In this description, the mental processes are described from the point of view of an initial split into subject and object – the word initial is not here intended to indicate any primal cause, rather this is an ongoing process.

This description entails the development of the six skandhas, the winds (processes) of the six elements and the basic emotional defilements.

1) The radiant light nature of mind. This is the skandha of basic awareness, the wind of awareness, and is also known as "great emptiness" as it entails no characteristics, no concepts and so forth.

2) Characteristics develop with the initial trend towards a split into subject and object; a false perception of something distinct from, or separate from mind. This is the skandha of the base consciousness and the space-wind. This association with space is understood in the sense that space provides for distance between things, and the first concept of there being something separate from mind entails the sense of separation, of space. This is the root of the emotional defilement of aversion (hatred), and is likened to the appearance of a candle.

Translation note: The skandhas: phung po, usually five, and in Kālacakra six, with the addition of awareness. There are quite bizarre translations for these in (surprisingly common) use, and perhaps the most abused word is perception, given as either the third or fourth skandha. In a philosophical context, perception is (OED): "The action of the mind by which it refers its sensations to an external object as their cause." This entails no recognition/identification of the external object, and is therefore nowhere near the meaning of either of those two skandhas.

As briefly as possible: the skandha of form (gzugs, rūpa) consists of the material structure of the organs of sense and their objects, basically, the physical world.

When a sense organ comes in contact with an object, what occurs are sensations: visual, tactile, etc. These can be pleasant, unpleasant or neutral. These are not feelings, as often used here, as feelings refer to the sense of touch or emotionality and is an inappropriate word for the senses of sight, hearing, taste, and smell. This is the skandha of sensation (tshor ba, vedanā).

The skandha of sensations entails no recognition of what is sensed, and the mass of sensations needs to be understood; in the next step, mind identifies things (rightly or wrongly) and conceives of their inter-relationships (Khenpo Tsultrim Gyatso Rinpoche's concise definition: sgra dang 'brel 'dzin gyi rtog pa /). This is the skandha of interpretation ('du shes, saṃjñā).

Having analysed the sensory world it is experiencing, mind then reacts, conditioned by relevant dispositions (bag chags, vāsanā) with affection, fear, fascination, various actions, etc., etc. This is the skandha of response ('du byed, saṃskāra).

The experience of all of these components is the skandha of consciousness (rnam shes, vijñāna).
3) Mind becomes curious or fascinated by this external, separate object, and "moves" towards it, responds to it. This brings with it emotional content, fascination and movement. This is the skandha of response, the motion of wind-wind, and the root of the emotional defilement of desire. It is likened to a multiplication of the candles, many more appearing.

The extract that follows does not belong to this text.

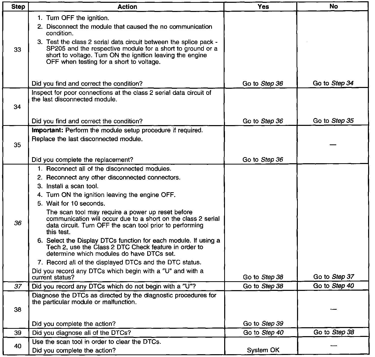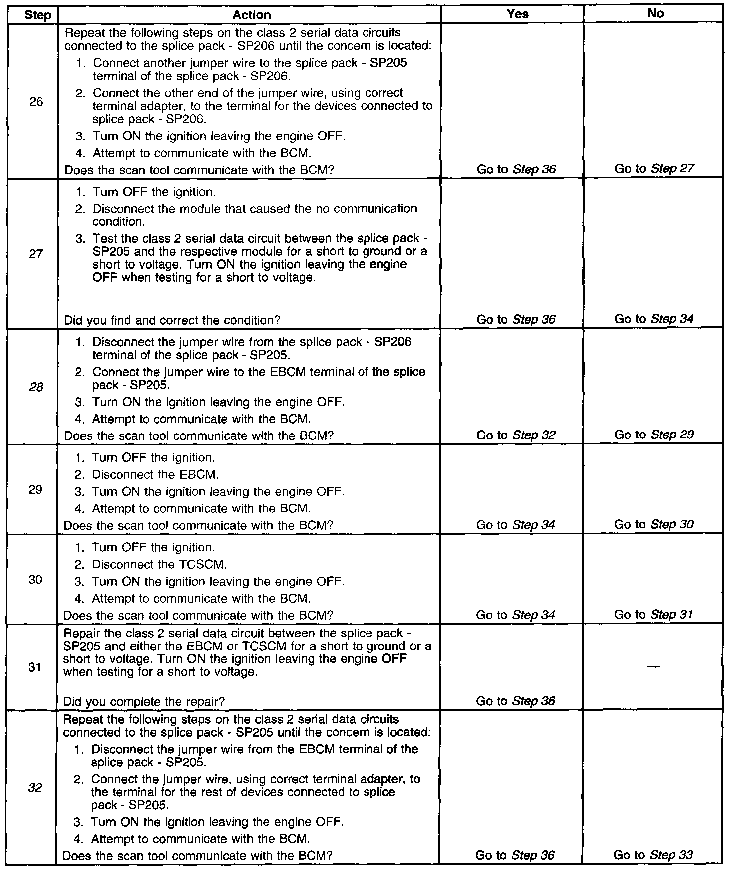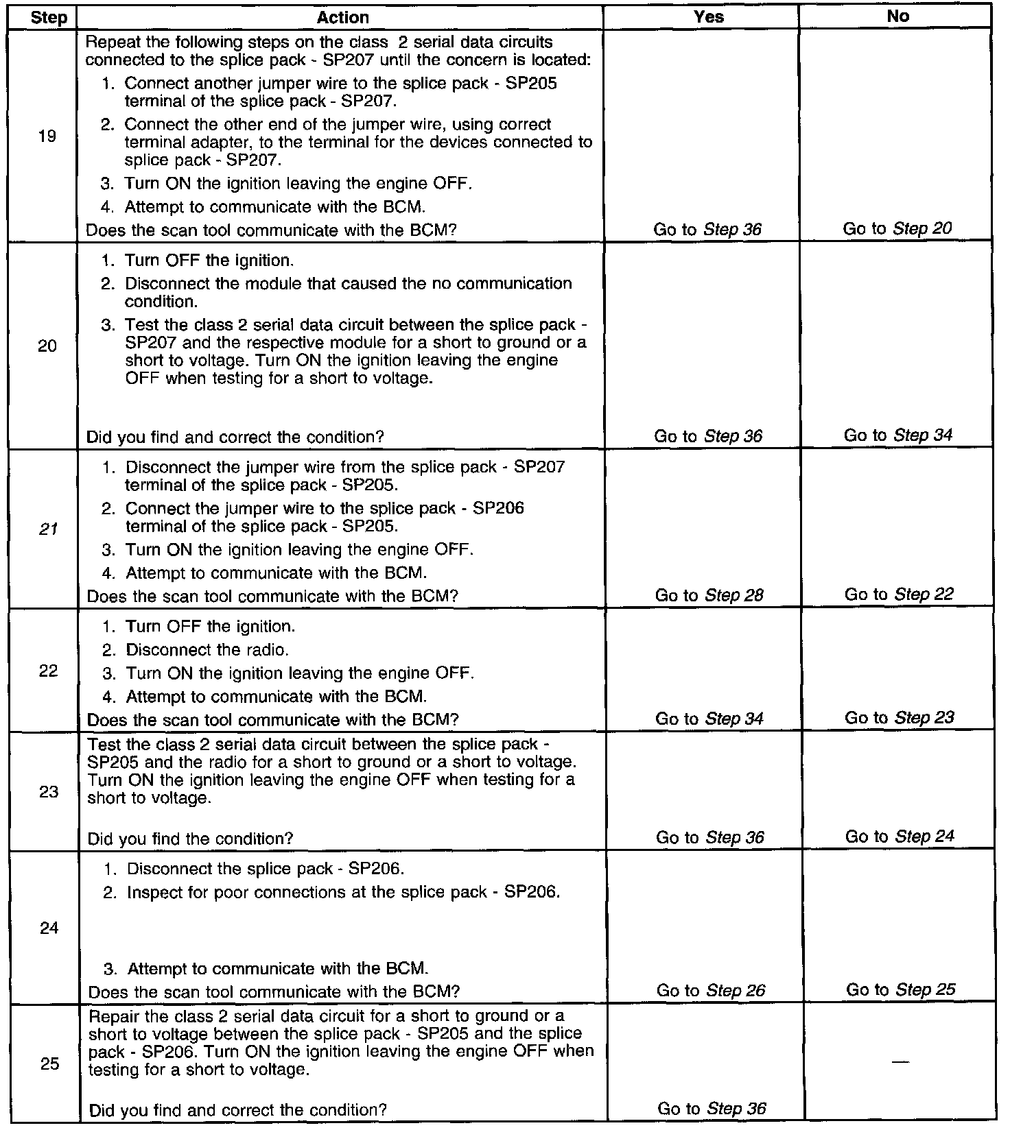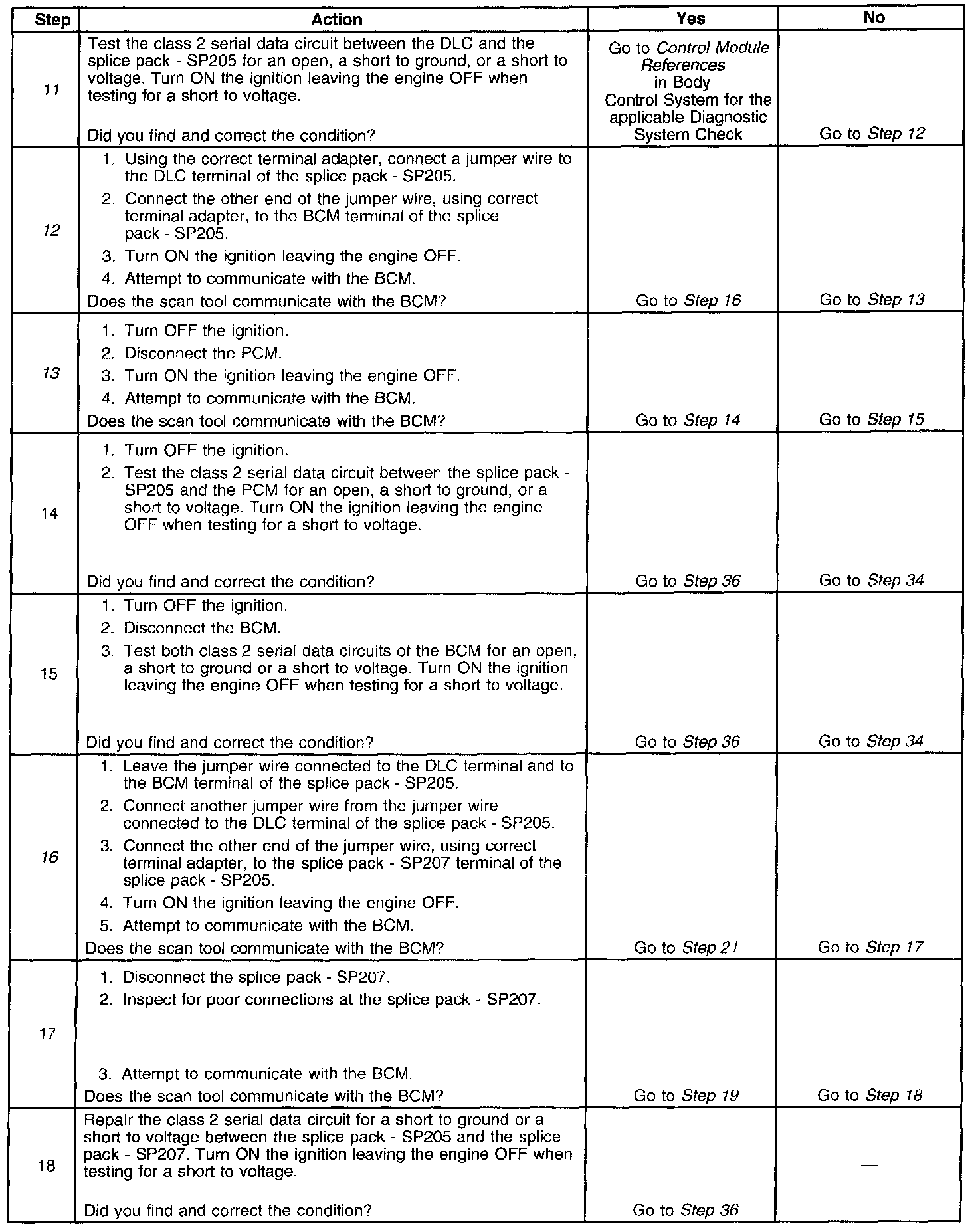 12. The class 2 serial data circuit is shorted to voltage or ground. The condition may be due to the wiring or due to a malfunction in one of the modules. When testing the wire for a short, make sure there is not a module connected to the wire being tested. This test isolates the BCM and the PCM class 2 serial data circuits.

4) Much has now been created, and mind starts to get caught in it's own creation, experiencing sensory functioning which is now cyclic. This is the skandha of sensation, the fire-wind, and the root of the emotional defilement of delusion. This entails the final loss of pure awareness, as though another "reality" has taken over.

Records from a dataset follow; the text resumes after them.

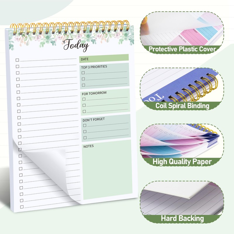 - DURABLE AND STYLISH DESIGN - Featuring a clear cover and sturdy spiral binding, this to do list pad not only looks professional but also withstands daily use, keeping your important lists intact and easily accessible
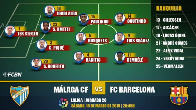 Alineaciones de la J28 de LaLiga: Málaga-FC Barcelona
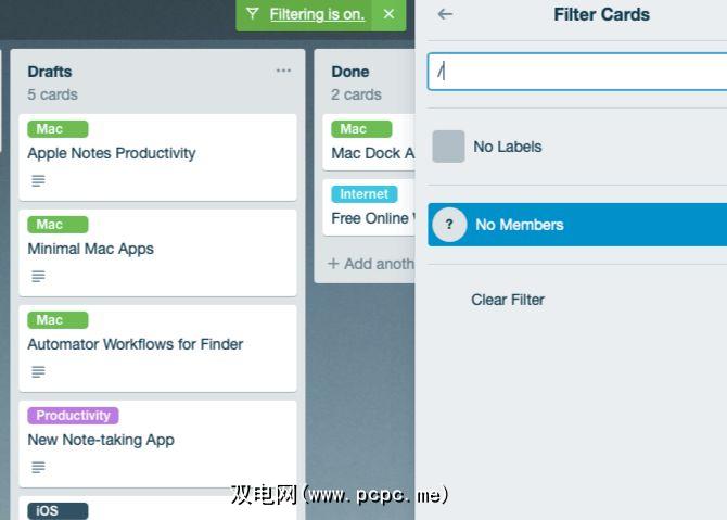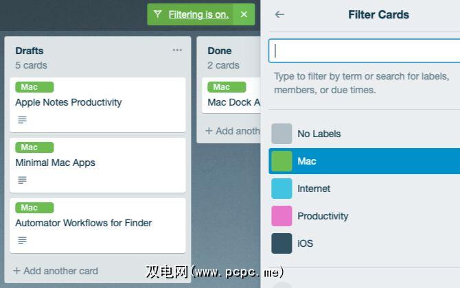 所有您需要做的就是单击显示菜单>过滤卡,然后选择从显示的列表中正确标签。 (可以选择多个标签。)这将隐藏该板上的所有卡,但不包括与您选择的标签匹配的卡。由于它们出现在板上的常规位置,因此更易于扫描。
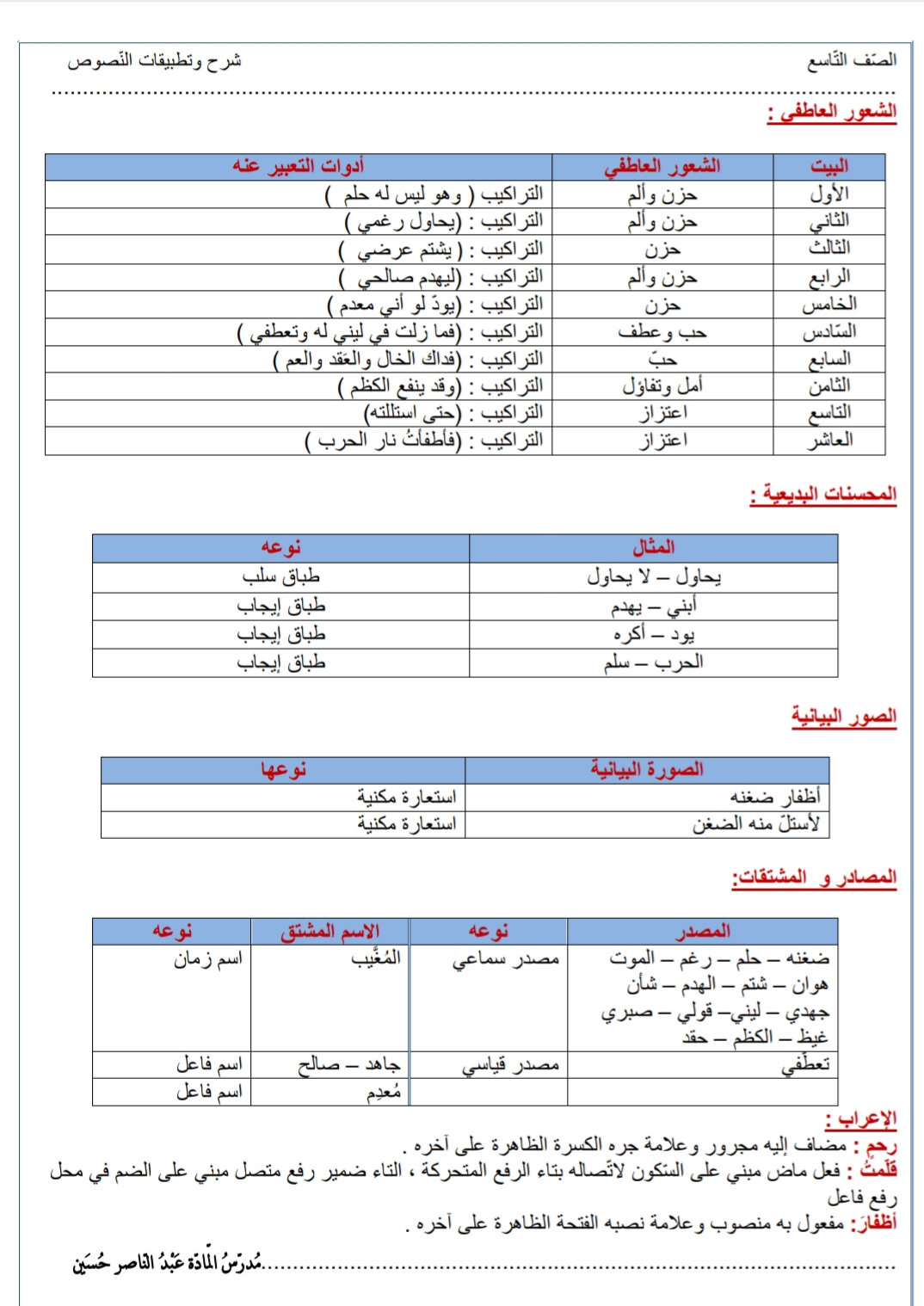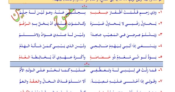 شرح وإعراب قصيدة وذي رحم للصف التاسع سوريا ـ منهاج جديد مكتبة الفريد الإلكترونية

5) Mind now needs to make sense of this situation, and starts to interpret the sense perceptions, labelling things, making judgements, and so forth. This is the skandha of interpretation, water-wind (water as an element brings cohesion). Mind ascribes characteristics to objects, glueing the whole experience together, producing a false sanity.

6) Finally, the whole situation becomes set in, and mind acts on the basis of a mis-perceived reality. This is the skandha of form, and the solidity of the earth-wind.

As Herbert Guenther puts it in some of his discussions of this process, awareness has become concretized, hard, solid, etc. Water has turned into ice. The new reality is not something different, but it is mis-perceived. (See for example, H. V. Guenther, Tantric View of Life, p. 18, on this same section of "The Profound Inner Meaning".)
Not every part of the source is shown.